Why don't we use the formula for work as nr(change in temp.) to get the work done by taking n=1.
When to use (change in pv) and when to use(change in temp.)

Answer 1
Well, every natural variable has changed, and so the mols changed as well. Apparently, the starting mols is not #1#!
#"1 mol gas" stackrel(?" ")(=) (P_1V_1)/(RT_1) = ("2.0 atm" cdot "3.0 L")/("0.082057 L"cdot"atm/mol"cdot"K"cdot"95 K")#
#= "0.770 mols" ne "1 mol"#

The final state also presents the same problem:

#"1 mol gas" stackrel(?" ")(=) (P_2V_2)/(RT_2) = ("4.0 atm" cdot "5.0 L")/("0.082057 L"cdot"atm/mol"cdot"K"cdot"245 K")#
#= "0.995 mols" ~~ "1 mol"#
It is clear that with these numbers (did you copy down the question correctly?), the mols of gas changed. So #Delta(nRT) ne nRDeltaT#.

Instead, we begin with the definition:

#H = U + PV#
where #H# is enthalpy, #U# is internal energy, and #P# and #V# are pressure and volume.

For a change in state,

#color(blue)(DeltaH) = DeltaU + Delta(PV)#
#= DeltaU + P_2V_2 - P_1V_1#
#= "30.0 L"cdot"atm" + ("4.0 atm" cdot "5.0 L" - "2.0 atm" cdot "3.0 L")#
#= color(blue)("44.0 L"cdot"atm")#
Had we chosen to use #Delta(nRT)#, we would still get it, as long as we DO change the mols of gas:
#color(blue)(DeltaH) = DeltaU + Delta(nRT)#
#= DeltaU + n_2RT_2 - n_1RT_1#
#= "30.0 L"cdot"atm" + ("0.995 mols" cdot "0.082057 L"cdot"atm/mol"cdot"K" cdot "245 K" - "0.770 mols" cdot "0.082057 L"cdot"atm/mol"cdot"K" cdot "95 K")#
#= color(blue)("44.0 L"cdot"atm")#

By the way, note that

#Delta(PV) ne PDeltaV + VDeltaP#

Actually,

#Delta(PV) = PDeltaV + VDeltaP + DeltaPDeltaV#
In this case the #DeltaPDeltaV# accounts for #10%# of the #DeltaH# value.
Sign up to view the whole answer

By signing up, you agree to our Terms of Service and Privacy Policy

Sign up with email
Answer 2

To find the change in enthalpy (ΔH), you can use the equation ΔH = ΔU + Δ(PV). Substituting the given values, you get: ΔH = 30.0 L atm + (4.0 atm - 2.0 atm) * 5.0 L. Solving this equation gives you ΔH = 42.0 L atm. Therefore, the correct answer is (B) 42.
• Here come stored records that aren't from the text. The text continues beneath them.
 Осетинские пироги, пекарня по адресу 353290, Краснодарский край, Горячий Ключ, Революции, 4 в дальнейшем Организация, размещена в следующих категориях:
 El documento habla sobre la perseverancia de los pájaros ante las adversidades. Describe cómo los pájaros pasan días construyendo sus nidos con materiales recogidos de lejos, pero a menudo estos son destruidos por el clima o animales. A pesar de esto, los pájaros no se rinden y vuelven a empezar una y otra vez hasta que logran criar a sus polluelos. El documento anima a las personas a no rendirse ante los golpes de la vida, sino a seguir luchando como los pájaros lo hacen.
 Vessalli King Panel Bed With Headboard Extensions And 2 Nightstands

Sign up to view the whole answer

By signing up, you agree to our Terms of Service and Privacy Policy

Sign up with email
Answer 3

To find the change in enthalpy (( \Delta H )) for the process, we can use the formula:

[ \Delta H = \Delta U + \Delta (PV) ]

Where ( \Delta U ) is the change in internal energy and ( \Delta (PV) ) is the work done by the gas. Since the gas is ideal, we can use the formula for work done by an ideal gas:

[ \Delta (PV) = nR \Delta T ]

Where ( n ) is the number of moles of gas, ( R ) is the ideal gas constant, and ( \Delta T ) is the change in temperature.

First, we need to find the number of moles of gas. We can use the ideal gas law:

[ PV = nRT ]

For the initial state:

[ n_1 = \frac{PV}{RT} = \frac{(2.0 \text{ atm})(3.0 \text{ L})}{0.0821 \text{ L atm/mol K} \times 95 \text{ K}} ]

For the final state:

[ n_2 = \frac{(4.0 \text{ atm})(5.0 \text{ L})}{0.0821 \text{ L atm/mol K} \times 245 \text{ K}} ]
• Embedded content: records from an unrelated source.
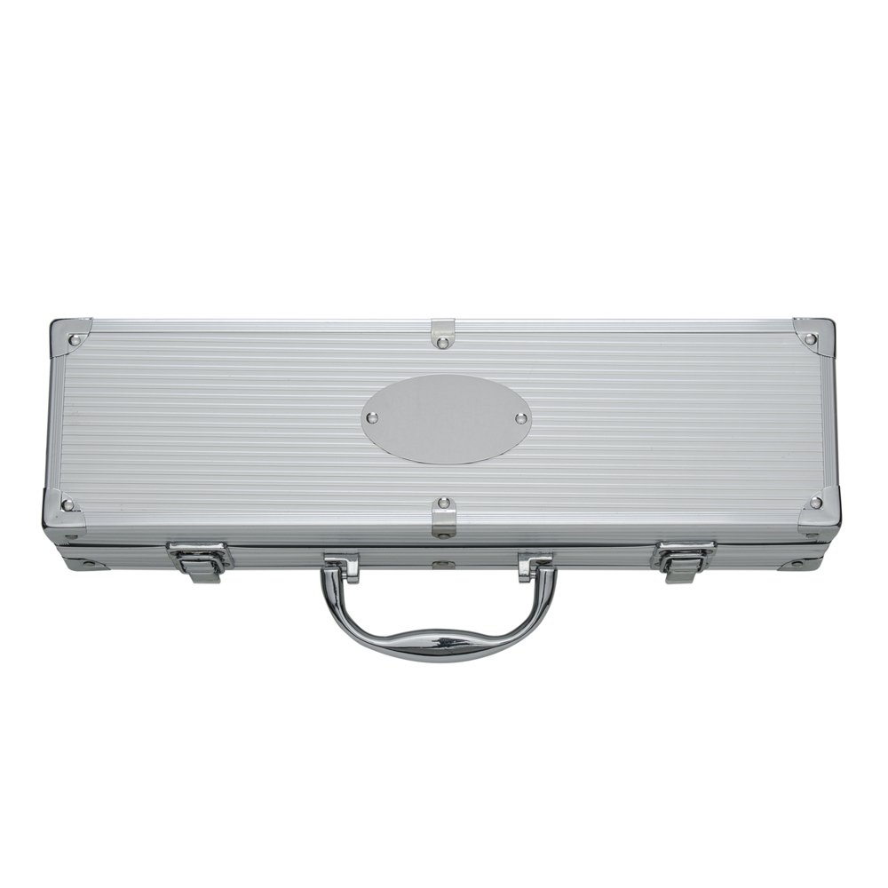 Kit churrasco 4 peças em maleta de alumínio com relevo. Possui: espátula, pegador, garfo e faca em inox (todas peças possuem proteção plástica) detalhes em metal nas bordas da maleta, duas dobradiças na parte inferior, uma alça e duas presilhas para travar/abrir a maleta. Parte interna revestida de tecido tnt e velcro para guardar as peças.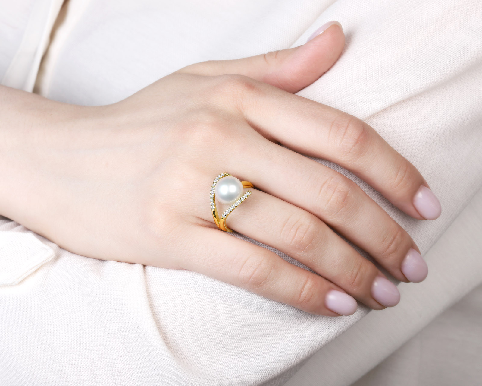 Романтичное золотое кольцо с жемчугом 10.50 мм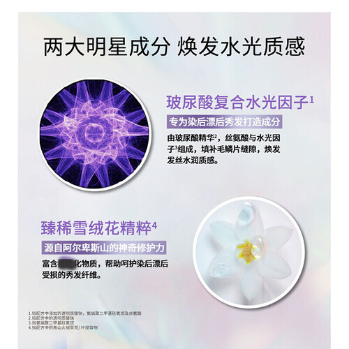 添加玻尿酸精华,可修护染后和漂后发丝的纤维,使秀发光滑顺亮。臻稀雪绒花精粹,呵护受损秀发,使秀发更加轻盈。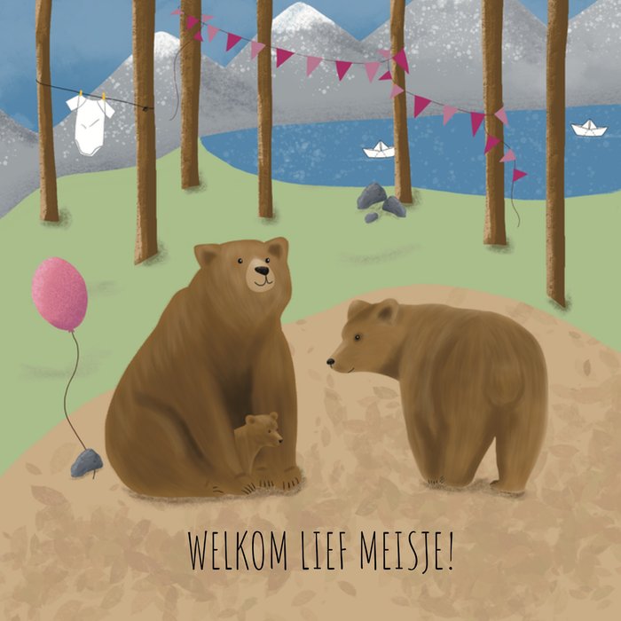 Verras met deze zoete Geboortekaart met de tekst: 'Welkom lief meisje!'. De tekst is aanpasbaar.

Then, the change in moles is ( \Delta n = n_2 - n_1 ).

Now, we can calculate ( \Delta (PV) ) and then ( \Delta H ):

[ \Delta (PV) = (\Delta n)R\Delta T ]

[ \Delta H = \Delta U + \Delta (PV) ]

Calculate ( \Delta H ) using the given values and the calculated values for ( \Delta n ) and ( \Delta (PV) ). The answer should be one of the options provided.

Sign up to view the whole answer

By signing up, you agree to our Terms of Service and Privacy Policy

Sign up with email
Answer 4

The change in enthalpy (ΔH) of the process can be calculated using the equation:

ΔH = ΔU + ΔnRT

Where: ΔU = Change in internal energy Δn = Change in moles of gas (final moles - initial moles) R = Ideal gas constant T = Temperature in Kelvin

Given: ΔU = 30.0 L atm Δn = (moles at final state) - (moles at initial state) = (4 atm × 5 L / (0.0821 L atm/K mol × 245 K)) - (2 atm × 3 L / (0.0821 L atm/K mol × 95 K)) R = 0.0821 L atm/K mol

Calculate Δn and substitute the values into the equation to find ΔH.
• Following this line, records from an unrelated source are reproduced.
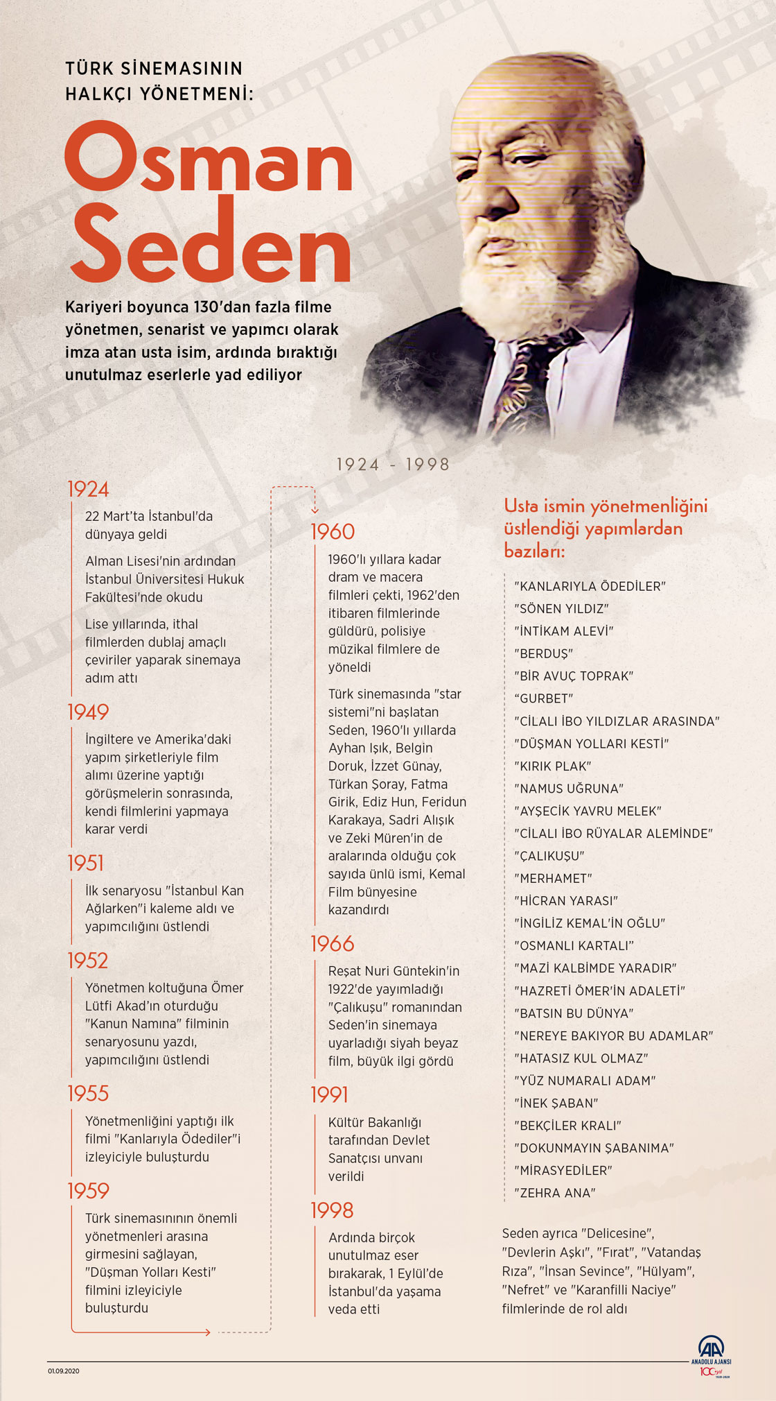 Kariyeri boyunca 130'dan fazla filme yönetmen, senarist ve yapımcı olarak imza atan usta isim, ardında bıraktığı unutulmaz eserlerle yad ediliyor. ( Elmurod Usubaliev - Anadolu Ajansı )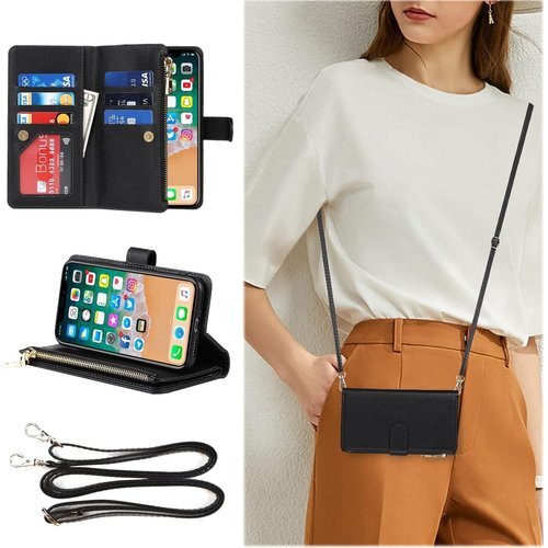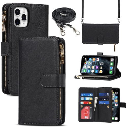 Pelanty for iPhone 11 Pro 縄掛けケース 手帳型 携帯カバー 肩掛け首かけ斜めがけ ショルダー 合成皮革+TPUケース マグネット iPhone11 pro 財布型カバー ICカード お札入れ小銭入れ大容量 収納ポケット スタンド機能 アイフォン11プロ ストラップ付き 落下防止 耐衝撃 耐摩擦 全面保護 肩縄付き-ブラック 191
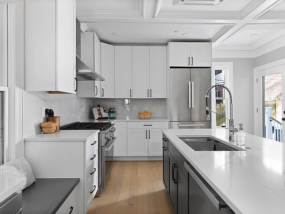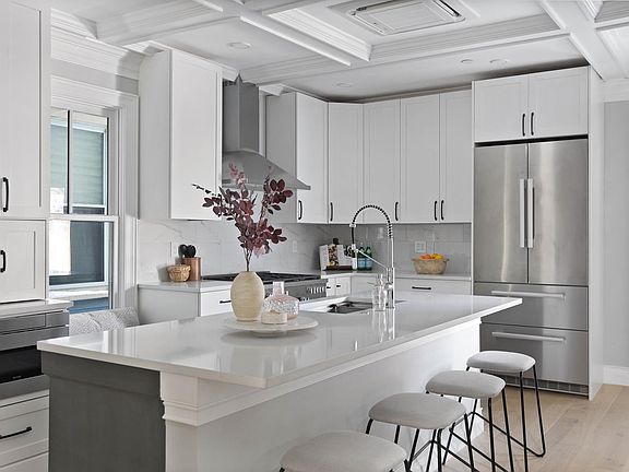 Harvard Square living is here, and you do not want to miss this property! Stretched over 2200 square feet and two levels of living space, you'll love this spacious, and open floor plan. Whether you're entertaining or relaxing, this home is set up for both. Invited by tall coffered ceilings that stretch through your living room and kitchen, complimented by custom hardwood oak flooring, no detail went overlooked. The kitchen is state of the art, equipped with durable quartz countertops and chef's grade Miele kitchen appliances, built alongside shaker cabinets with LED under-cabinet lighting. This smart home also has built-in surround sound speakers throughout and energy-efficient finishes such as HVAC mini-splits, spray foam insulation and Jeld Wen windows. The main floor consists of 2 bedrooms and 2 full bathrooms, one being the primary with a master bath. The tastefully finished lower level has another large living space, bedroom, full bath, and large office space.

Sign up to view the whole answer

By signing up, you agree to our Terms of Service and Privacy Policy

Sign up with email
Answer from HIX Tutor

When evaluating a one-sided limit, you need to be careful when a quantity is approaching zero since its sign is different depending on which way it is approaching zero from. Let us look at some examples.

When evaluating a one-sided limit, you need to be careful when a quantity is approaching zero since its sign is different depending on which way it is approaching zero from. Let us look at some examples.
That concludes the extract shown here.